İşyeri komitelerinde birleşelim, mücadeleyi yükseltelim!
2021 yılı için geçerli olacak asgari ücret, AGİ dahil 2825 TL olarak belirlendi. Açlık sınırının 2.590 TL, yoksulluk sınırının 8.436 TL olduğu günümüzde, işçi sınıfına yine sefalet ücreti dayatıldı. Asgari ücretin belirlenmesinin ardından sırada Ocak ayı zamları var. Tekstil ve dokuma sektöründe ise bir kez daha asgari ücrete yapılan zam, Ocak ayı zamlarında belirleyici oluyor.
Tekstil patronları bugünden yine sıfır zam vermenin hesaplarını yapmaya başladılar. Zira, asgari ücrete yapılan 500 TL zammın çok olduğundan ve pandeminin uğrattığı zararlardan dem vuruyorlar. Oysa ki, pandemi döneminde bizler ölümüne çalışırken, tekstil ve dokuma patronları karlarına kar kattılar, pandemiyi fırsata çevirdiler. AKP iktidarı tarafından patronlara sağlanan teşvikleri tepe tepe kullandılar. Pandemiye dayanarak, bizleri daha da köleleştiren ücretsiz izin, kısa çalışma, telafi çalışma vb. uygulamaları hayata geçirdiler. Bizler virüsle baş başa 12 saat fazla mesai ile çalışırken, onlar kârlarına kâr kattılar.

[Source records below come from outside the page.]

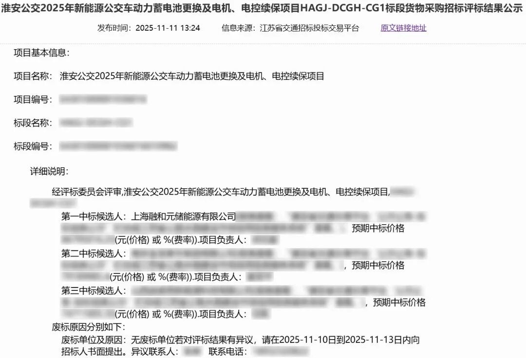 中國儲能網(wǎng)訊:當能源轉(zhuǎn)型與綠色發(fā)展深度交織,公共交通的綠色升級正成為城市低碳轉(zhuǎn)型的重要一環(huán)。作為以儲能為核心的全球領先零碳能源運營商,融和元儲在綠電交通領域再傳捷報,成功中標淮安公交2025年新能源公交車動力蓄電池更換及電機、電控續(xù)保項目,將為淮安公交400輛公交車提供全方位的能源保障與服務支持。
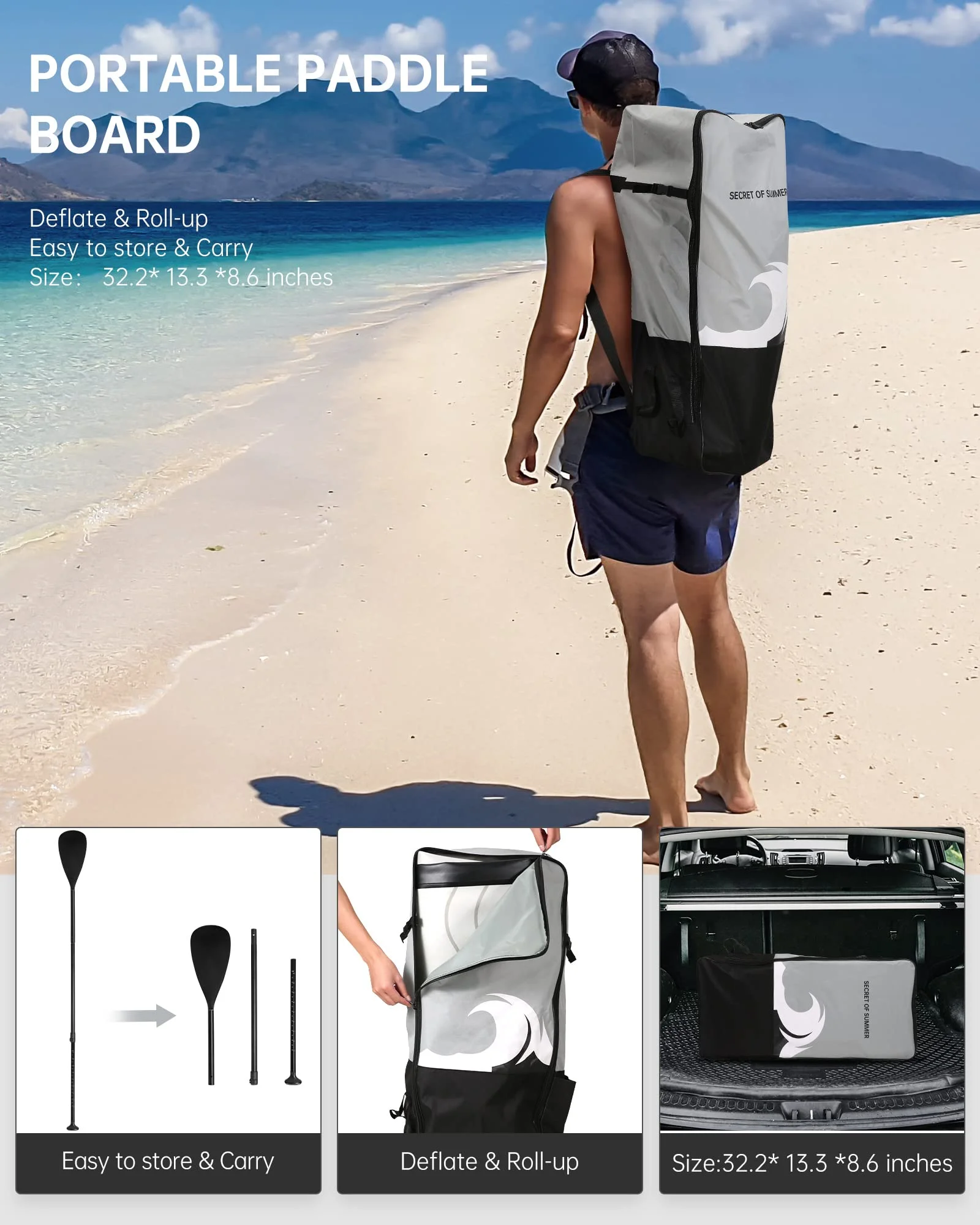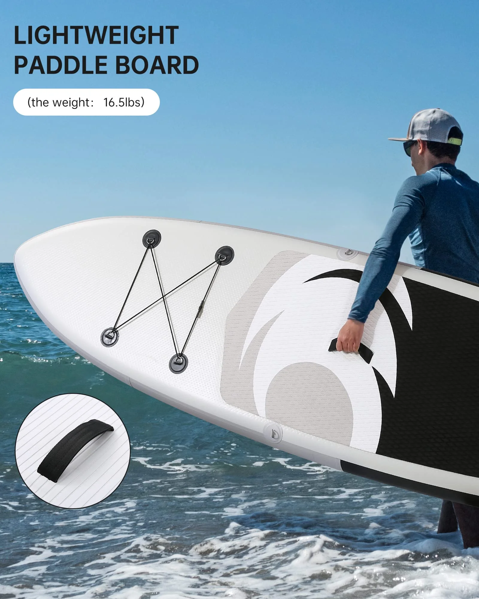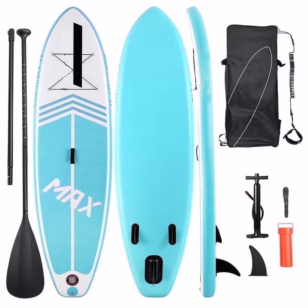 - The paddle board is portable even when the board is fully inflated as the paddle board is equipped a carry handle. The inflatable paddle board comes with a large size backpack, you can roll the deflated paddle board into the backpack and move or store the inflatable paddle board conveniently. Additionally, the pump, adjustable Aluminum paddle, travel backpack, coil leash, repair kit are included.
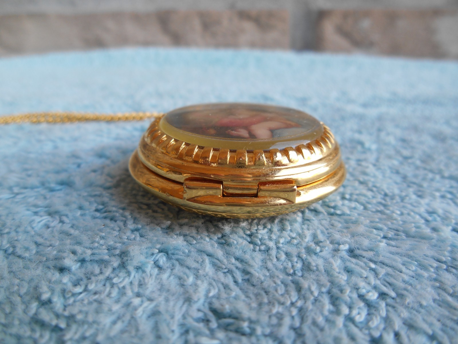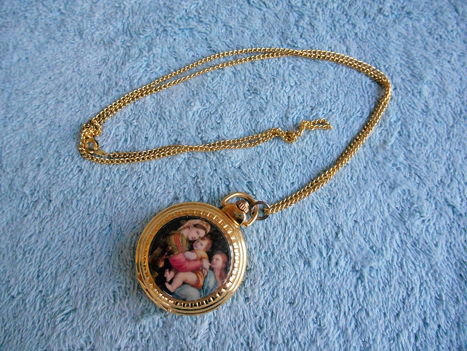 GOLD TONE 1-1/2 QUARTZ POCKET WATCH NECKLACE WITH ART. NEEDS NEW BATTERY
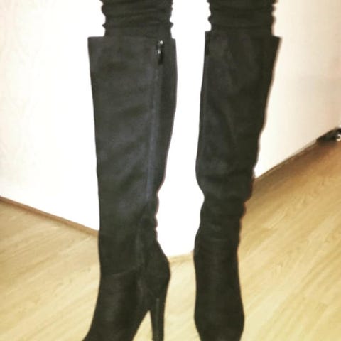 Ett par svarta stövlar i läder, storlek 37, skaft 38 cm, klack höjd 8 cm.
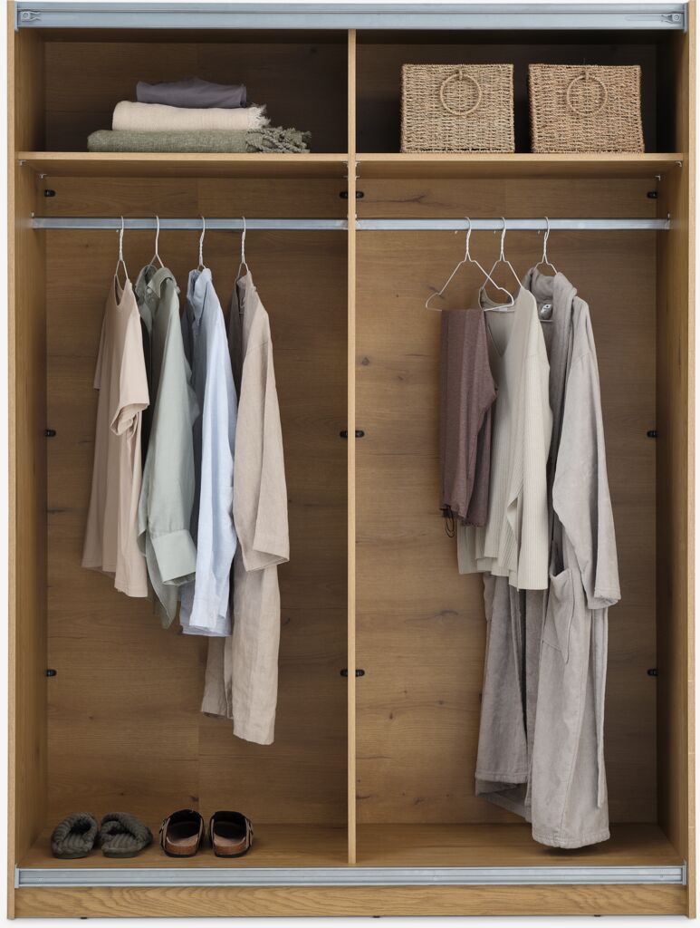 1 oglindă, 2 bare pentru umerașe, 2 rafturi
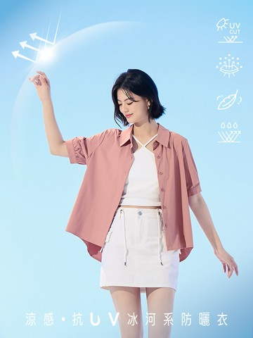 涼感.抗UV前短後長排釦冰河系防曬短袖襯衫
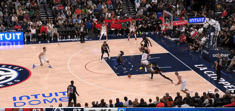 這一球,藝高人膽大登哥,一手背傳擊地,籃球準(zhǔn)確彈到祖巴茨手中,順勢(shì)就是一記隔扣克林根。
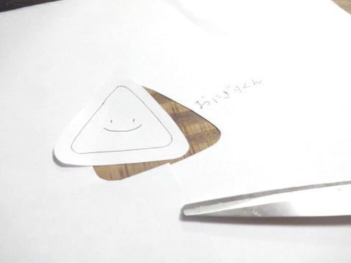 まん丸に型紙を作れば、おむすびになります。
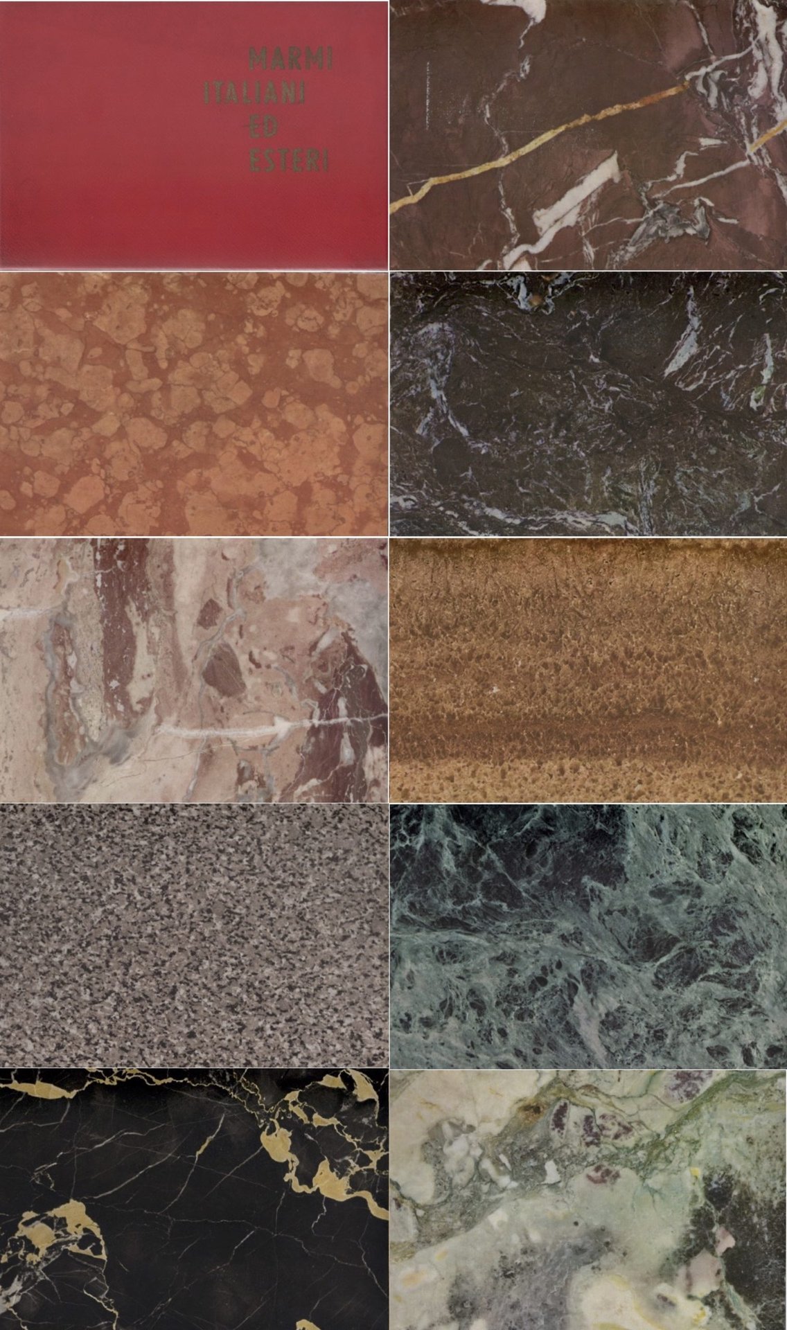 Affascinante catalogo che annovera 59 tipi di marmi, stampati a colori su carta fotografica, ognuno corredato del proprio specifico nome. Album in similpelle, all'interno brossura con legatura a spirale, la prima carta, su cui è riprodotto l'indice delle tavole, è volante, una tavola risulta incollata alla successiva.
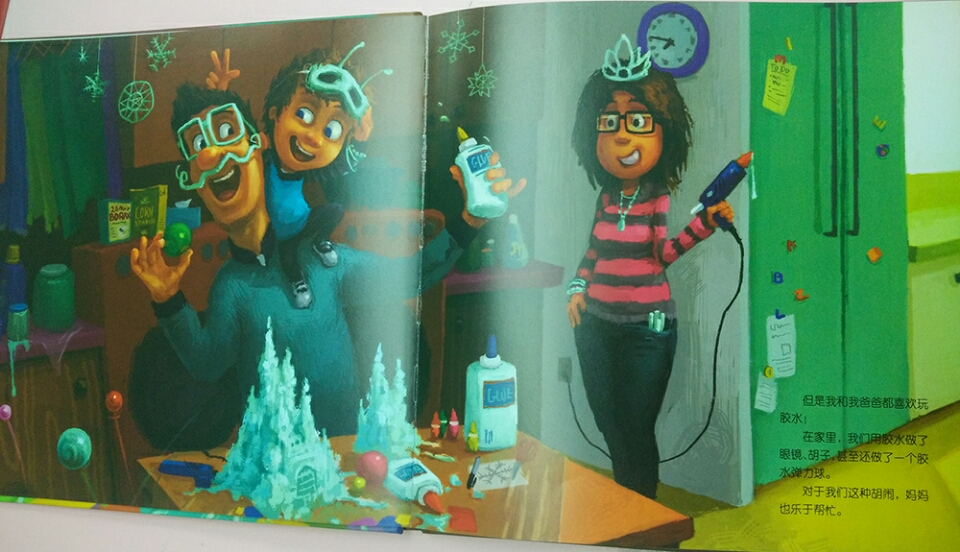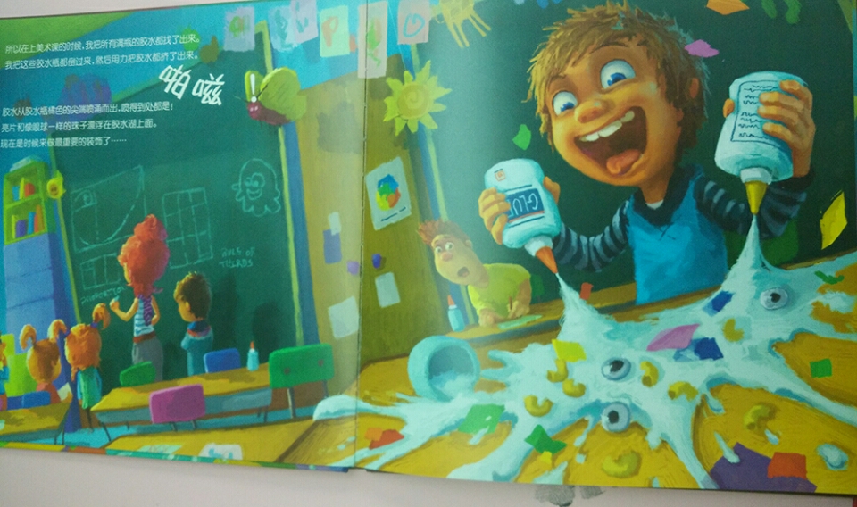 马蒂喜欢胶水。在家里,他和爸爸一起制作胶水眼镜、胶水胡子、戴眼镜和胶水皮球。但是在学校,马蒂的美术老师担忧地告诉他:“胶水太多就不好干了。”
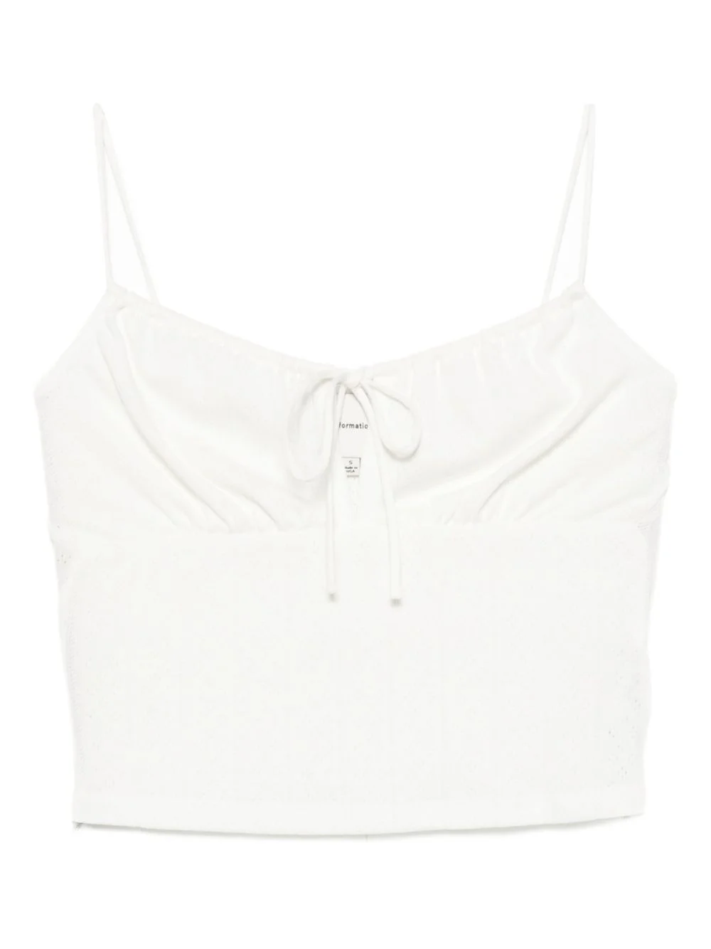 Marissa tank Highlights - White - Drawstring fastening - Pointelle knit Made in United States Composition Organic Cotton 100% SIZE & FIT Model measurements Height 5 ft 10 in(1.77 m) Bust/Chest 30.31 in(77 cm) Hips 36.22 in(92 cm) Waist 24.8 in(63 cm) FittingInformation Designed for a close fit throughout Made from a midweight non-stretch fabric Washing instructions Machine Wash
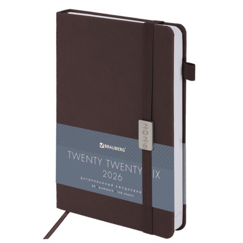 Ежедневник датированный 2026, А5, 138x213 мм, BRAUBERG "Control", под кожу, держатель для ручки, коричневый, 117122
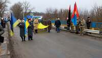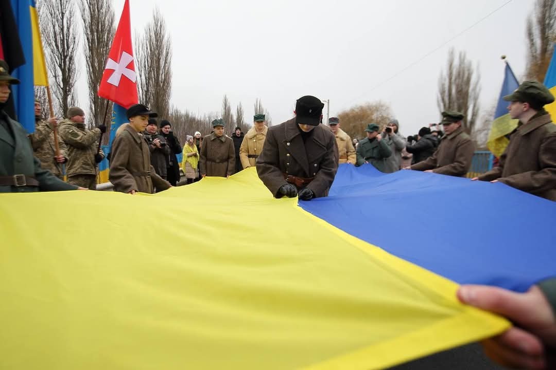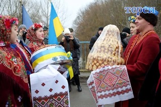 На мості через річку Збруч зустрілися представники двох областей, щоб продемонструвати нашу єдність. Вони поєднали частини синьо-жовтого прапора і символічно обмінятися короваями
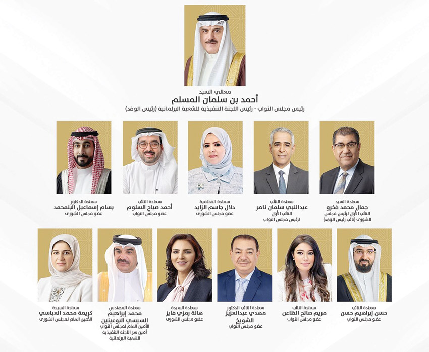 ويترأس الوفد أحمد بن سلمان المسلم رئيس مجلس النواب رئيس اللجنة التنفيذية للشعبة البرلمانية، فيما يضم الوفد الأعضاء: جمال فخرو النائب الأول لرئيس مجلس الشورى نائب رئيس الوفد، والنائب عبدالنبي سلمان النائب الأول لرئيس مجلس النواب، والمحامية دلال الزايد عضو مجلس الشورى، والنائب أحمد السلوم، والدكتور بسام البنمحمد عضو مجلس الشورى، والنائب حسن إبراهيم، والنائب مريم الظاعن، والنائب الدكتور مهدي الشويخ، وهالة رمزي عضو مجلس الشورى، والمهندس محمد السيسي البوعينين الأمين العام لمجلس النواب أمين سر اللجنة التنفيذية للشعبة البرلمانية، وكريمة العباسي الأمين العام لمجلس الشورى.

Milyonlarca işçinin kaderinin belirlendiği asgari ücret sürecinde ise, örgütsüz olduğumuz ve masada oturan sendika bürokratları bizleri temsil etmediği için, sadece izlemekle yetindik. Ancak tek tek işyelerinde ve bulunduğumuz havzalarda ocak zamlarını bizler belirleyebilir, toplu sözleşmelerimizi yapabiliriz.
Bunun en temel şartı ise, kendi gücümüze ve birliğimize güvenmektir. Bugünden itibaren yapmamız gereken şey işyerlerinden başlayarak kuracağımız komitelerimizle, birliklerimizle, ocak zamlarına hazırlanmaktır.
İkinci olarak taleplerimizi netleştirmektir. İnsanca yaşam ve insanca yaşamaya yetecek bir ücret biz işçilerin en temel hakkıdır. Patronlar bizlerin ücretlerini düşürerek daha fazla kâr elde etmeye çalışırlar. Sermayeleri olmadığı için değil, daha fazla kar dürtüsüyle bizleri daha düşük ücrete mahkûm etmek isterler. Biz işçilerin daha fazla ücret alabilmesi ise, vereceğimiz mücadelelere bağlıdır. İşçilerin ücretlerini belirleyici olansa iki sınıfın, sermaye sınıfı ve işçi sınıfının mücadelesidir, bu mücadelede kimin daha baskın olacağıdır. Dolayısıyla ocak ayı zamları sürecinde somut talebimiz patronların ne verebileceği değil, bizlerin ne istediği olmalıdır.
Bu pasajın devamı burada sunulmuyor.